Work instructions: Using the data below, return the stretch from the line that contains "Wkładka bezela wykonana" through the line that contains "full Rookie class.", both included, exactly as it stands and nothing beyond it.

Input data:
# # # #
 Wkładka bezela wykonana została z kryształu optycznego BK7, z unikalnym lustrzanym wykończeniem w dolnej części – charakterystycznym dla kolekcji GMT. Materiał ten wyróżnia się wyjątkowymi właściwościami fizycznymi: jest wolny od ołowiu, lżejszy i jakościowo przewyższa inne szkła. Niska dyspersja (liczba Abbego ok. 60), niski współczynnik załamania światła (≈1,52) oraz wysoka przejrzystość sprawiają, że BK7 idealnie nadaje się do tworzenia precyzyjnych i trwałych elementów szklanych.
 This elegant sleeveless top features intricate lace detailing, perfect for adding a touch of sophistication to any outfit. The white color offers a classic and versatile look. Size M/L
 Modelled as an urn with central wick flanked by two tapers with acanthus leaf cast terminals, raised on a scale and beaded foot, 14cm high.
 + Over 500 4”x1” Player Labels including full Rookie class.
# # # #
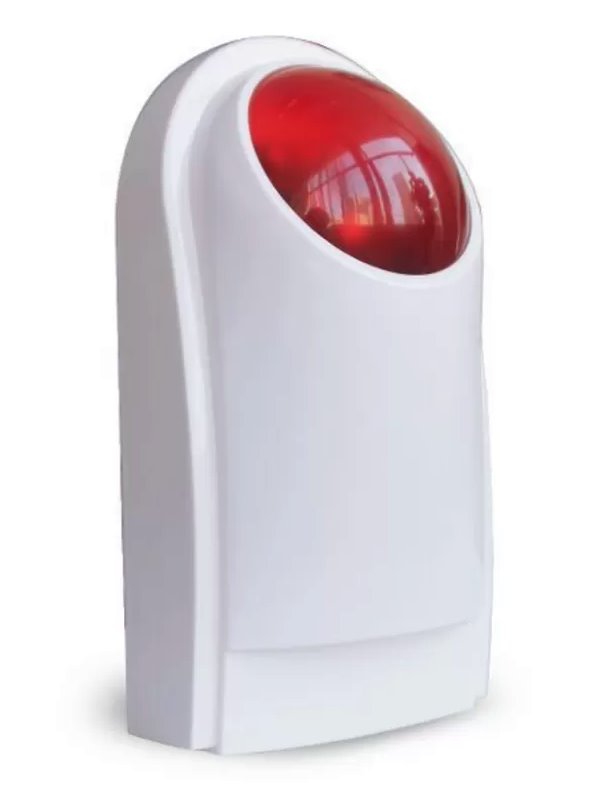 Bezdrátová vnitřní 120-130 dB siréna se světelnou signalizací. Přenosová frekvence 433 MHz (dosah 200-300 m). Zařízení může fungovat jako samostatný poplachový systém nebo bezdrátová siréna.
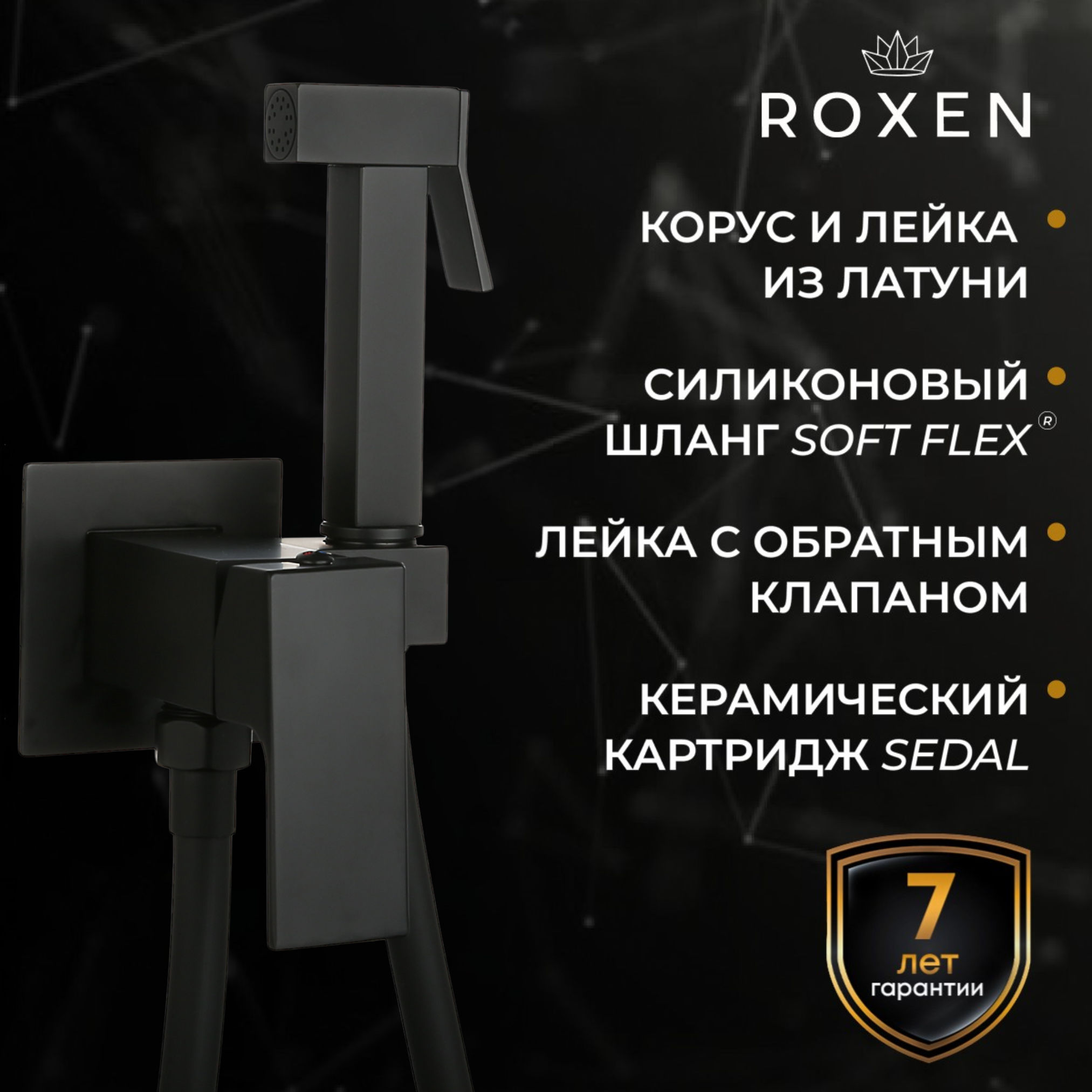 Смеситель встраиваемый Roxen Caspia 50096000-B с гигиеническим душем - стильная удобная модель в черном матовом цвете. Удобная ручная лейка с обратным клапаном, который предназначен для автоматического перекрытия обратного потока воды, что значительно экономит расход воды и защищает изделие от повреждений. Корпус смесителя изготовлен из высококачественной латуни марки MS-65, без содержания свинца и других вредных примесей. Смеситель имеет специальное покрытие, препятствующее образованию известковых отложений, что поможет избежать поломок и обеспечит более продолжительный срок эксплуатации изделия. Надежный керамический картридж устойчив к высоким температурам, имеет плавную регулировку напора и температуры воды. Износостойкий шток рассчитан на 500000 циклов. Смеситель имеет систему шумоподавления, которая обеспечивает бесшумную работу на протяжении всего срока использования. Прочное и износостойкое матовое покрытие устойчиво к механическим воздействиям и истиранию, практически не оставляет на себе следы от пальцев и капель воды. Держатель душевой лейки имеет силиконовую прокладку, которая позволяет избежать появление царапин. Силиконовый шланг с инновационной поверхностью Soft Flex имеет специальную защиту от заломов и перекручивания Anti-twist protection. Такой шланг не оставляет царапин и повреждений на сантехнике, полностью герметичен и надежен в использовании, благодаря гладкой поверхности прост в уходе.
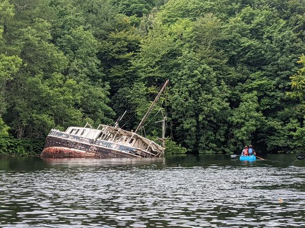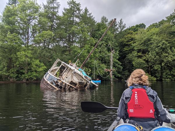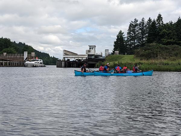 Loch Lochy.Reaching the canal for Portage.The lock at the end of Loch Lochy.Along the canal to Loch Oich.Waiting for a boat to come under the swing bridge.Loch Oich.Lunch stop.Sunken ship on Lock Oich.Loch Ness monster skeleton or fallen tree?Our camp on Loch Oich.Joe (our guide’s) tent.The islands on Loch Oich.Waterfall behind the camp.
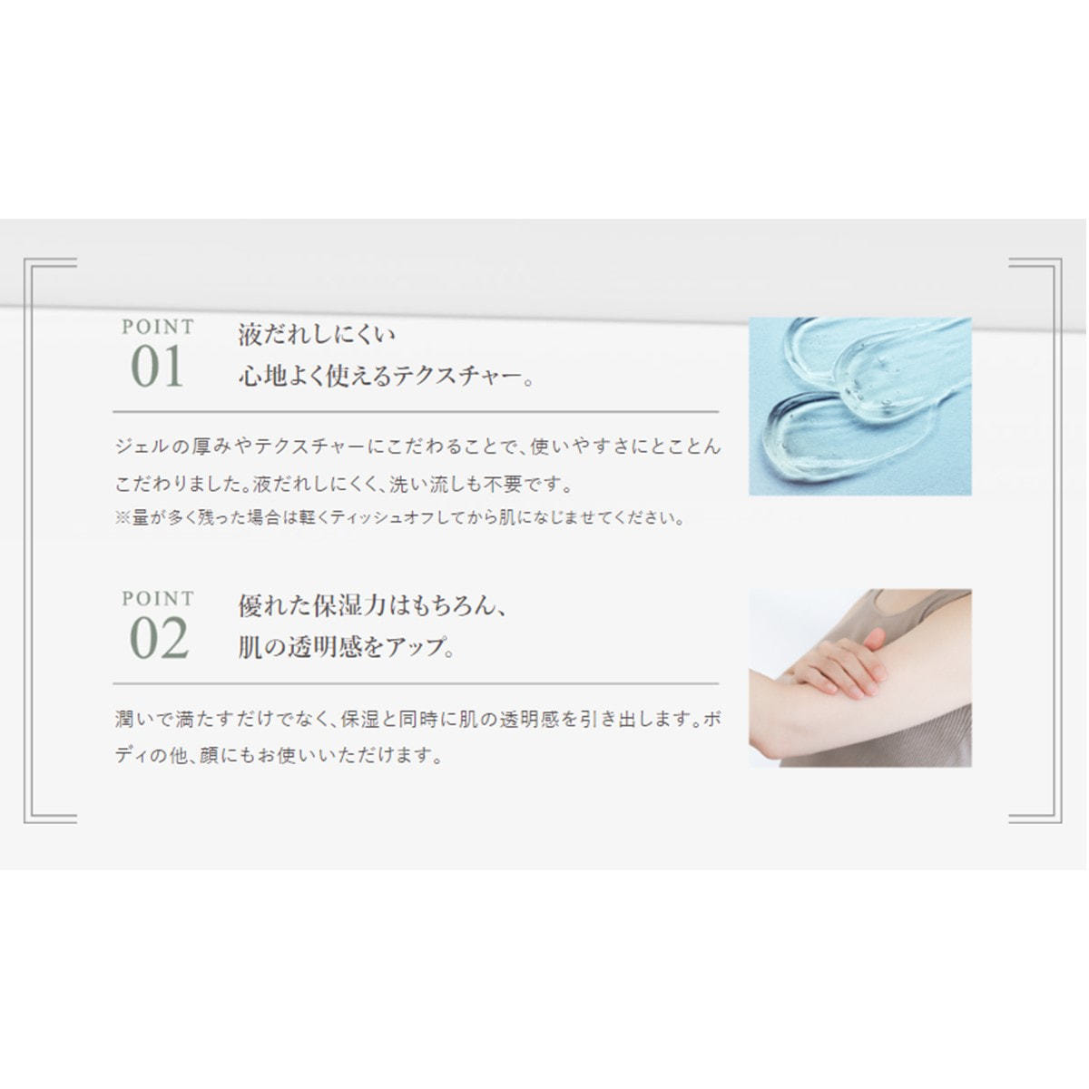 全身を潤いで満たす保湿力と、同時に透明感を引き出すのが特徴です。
# # # #
Reply:
 Wkładka bezela wykonana została z kryształu optycznego BK7, z unikalnym lustrzanym wykończeniem w dolnej części – charakterystycznym dla kolekcji GMT. Materiał ten wyróżnia się wyjątkowymi właściwościami fizycznymi: jest wolny od ołowiu, lżejszy i jakościowo przewyższa inne szkła. Niska dyspersja (liczba Abbego ok. 60), niski współczynnik załamania światła (≈1,52) oraz wysoka przejrzystość sprawiają, że BK7 idealnie nadaje się do tworzenia precyzyjnych i trwałych elementów szklanych.
 This elegant sleeveless top features intricate lace detailing, perfect for adding a touch of sophistication to any outfit. The white color offers a classic and versatile look. Size M/L
 Modelled as an urn with central wick flanked by two tapers with acanthus leaf cast terminals, raised on a scale and beaded foot, 14cm high.
 + Over 500 4”x1” Player Labels including full Rookie class.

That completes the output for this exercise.